= Activity =
The response should hold each line from the entries below where "Planner" is found.

= Stored items =
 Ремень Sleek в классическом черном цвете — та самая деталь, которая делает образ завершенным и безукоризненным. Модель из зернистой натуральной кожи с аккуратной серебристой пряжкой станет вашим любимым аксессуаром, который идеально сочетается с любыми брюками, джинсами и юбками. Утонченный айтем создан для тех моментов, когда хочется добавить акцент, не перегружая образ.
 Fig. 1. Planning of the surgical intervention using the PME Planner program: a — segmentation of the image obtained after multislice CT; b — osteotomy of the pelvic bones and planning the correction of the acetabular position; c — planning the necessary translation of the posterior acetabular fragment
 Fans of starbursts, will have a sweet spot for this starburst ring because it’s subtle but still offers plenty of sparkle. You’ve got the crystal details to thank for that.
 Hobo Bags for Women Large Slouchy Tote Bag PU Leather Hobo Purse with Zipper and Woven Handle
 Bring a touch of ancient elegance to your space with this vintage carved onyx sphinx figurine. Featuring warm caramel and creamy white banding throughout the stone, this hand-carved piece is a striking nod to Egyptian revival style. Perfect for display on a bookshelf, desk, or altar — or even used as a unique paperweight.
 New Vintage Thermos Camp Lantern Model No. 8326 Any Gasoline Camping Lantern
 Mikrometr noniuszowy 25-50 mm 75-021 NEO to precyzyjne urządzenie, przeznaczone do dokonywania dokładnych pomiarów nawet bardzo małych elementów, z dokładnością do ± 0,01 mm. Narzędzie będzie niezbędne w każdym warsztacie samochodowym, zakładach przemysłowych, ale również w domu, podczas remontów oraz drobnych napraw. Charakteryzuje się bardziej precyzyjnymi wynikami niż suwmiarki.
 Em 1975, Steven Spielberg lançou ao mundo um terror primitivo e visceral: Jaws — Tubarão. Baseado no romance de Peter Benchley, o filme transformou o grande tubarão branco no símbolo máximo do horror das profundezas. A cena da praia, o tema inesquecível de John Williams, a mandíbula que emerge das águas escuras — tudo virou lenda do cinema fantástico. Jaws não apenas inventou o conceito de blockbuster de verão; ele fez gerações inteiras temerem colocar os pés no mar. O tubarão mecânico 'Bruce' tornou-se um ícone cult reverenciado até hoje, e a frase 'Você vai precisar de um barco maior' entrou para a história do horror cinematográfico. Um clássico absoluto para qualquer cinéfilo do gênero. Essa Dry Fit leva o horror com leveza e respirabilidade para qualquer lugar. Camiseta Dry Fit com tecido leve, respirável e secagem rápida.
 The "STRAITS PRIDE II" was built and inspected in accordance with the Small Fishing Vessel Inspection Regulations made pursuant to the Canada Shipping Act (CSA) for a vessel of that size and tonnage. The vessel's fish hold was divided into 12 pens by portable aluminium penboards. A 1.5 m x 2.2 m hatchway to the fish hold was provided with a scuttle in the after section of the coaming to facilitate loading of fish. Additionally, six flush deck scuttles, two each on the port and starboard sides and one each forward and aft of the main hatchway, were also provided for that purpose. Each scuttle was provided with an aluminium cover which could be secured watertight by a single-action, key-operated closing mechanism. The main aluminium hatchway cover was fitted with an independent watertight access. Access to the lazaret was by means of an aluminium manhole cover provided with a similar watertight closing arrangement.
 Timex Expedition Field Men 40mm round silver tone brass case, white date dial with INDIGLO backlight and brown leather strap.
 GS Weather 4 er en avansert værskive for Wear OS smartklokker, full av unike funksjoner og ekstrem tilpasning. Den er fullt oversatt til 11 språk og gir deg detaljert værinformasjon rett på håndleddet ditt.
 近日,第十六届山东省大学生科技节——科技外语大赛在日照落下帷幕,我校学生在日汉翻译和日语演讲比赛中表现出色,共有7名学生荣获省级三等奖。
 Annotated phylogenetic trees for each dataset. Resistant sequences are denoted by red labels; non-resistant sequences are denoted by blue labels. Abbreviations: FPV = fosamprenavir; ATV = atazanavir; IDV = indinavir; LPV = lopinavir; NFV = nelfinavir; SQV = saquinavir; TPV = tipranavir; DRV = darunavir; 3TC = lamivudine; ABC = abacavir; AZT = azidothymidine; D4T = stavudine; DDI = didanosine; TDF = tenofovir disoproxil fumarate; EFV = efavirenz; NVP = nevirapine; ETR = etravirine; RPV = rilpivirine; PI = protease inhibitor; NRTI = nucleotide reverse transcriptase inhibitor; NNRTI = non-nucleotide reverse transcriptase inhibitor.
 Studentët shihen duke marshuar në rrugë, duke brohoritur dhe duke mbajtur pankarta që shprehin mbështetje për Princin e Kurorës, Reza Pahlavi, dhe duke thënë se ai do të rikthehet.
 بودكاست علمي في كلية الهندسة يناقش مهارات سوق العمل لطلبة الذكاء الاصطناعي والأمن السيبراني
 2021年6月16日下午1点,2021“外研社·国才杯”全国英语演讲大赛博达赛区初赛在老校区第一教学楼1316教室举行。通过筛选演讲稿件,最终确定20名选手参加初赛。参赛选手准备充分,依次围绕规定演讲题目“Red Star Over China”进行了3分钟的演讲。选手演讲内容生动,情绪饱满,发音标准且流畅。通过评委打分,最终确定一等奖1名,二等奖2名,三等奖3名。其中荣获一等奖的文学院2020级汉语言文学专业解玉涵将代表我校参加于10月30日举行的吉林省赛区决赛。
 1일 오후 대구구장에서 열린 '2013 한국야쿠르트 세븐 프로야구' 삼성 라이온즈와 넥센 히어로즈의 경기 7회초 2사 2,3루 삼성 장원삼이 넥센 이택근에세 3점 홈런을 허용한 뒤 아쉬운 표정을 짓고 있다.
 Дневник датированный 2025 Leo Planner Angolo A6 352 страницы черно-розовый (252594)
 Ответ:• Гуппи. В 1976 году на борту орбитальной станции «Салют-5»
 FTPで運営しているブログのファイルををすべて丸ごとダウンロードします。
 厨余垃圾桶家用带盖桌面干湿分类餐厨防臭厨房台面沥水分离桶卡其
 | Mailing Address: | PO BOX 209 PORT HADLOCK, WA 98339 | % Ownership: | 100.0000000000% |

= Worked solution =
 Fig. 1. Planning of the surgical intervention using the PME Planner program: a — segmentation of the image obtained after multislice CT; b — osteotomy of the pelvic bones and planning the correction of the acetabular position; c — planning the necessary translation of the posterior acetabular fragment
 Дневник датированный 2025 Leo Planner Angolo A6 352 страницы черно-розовый (252594)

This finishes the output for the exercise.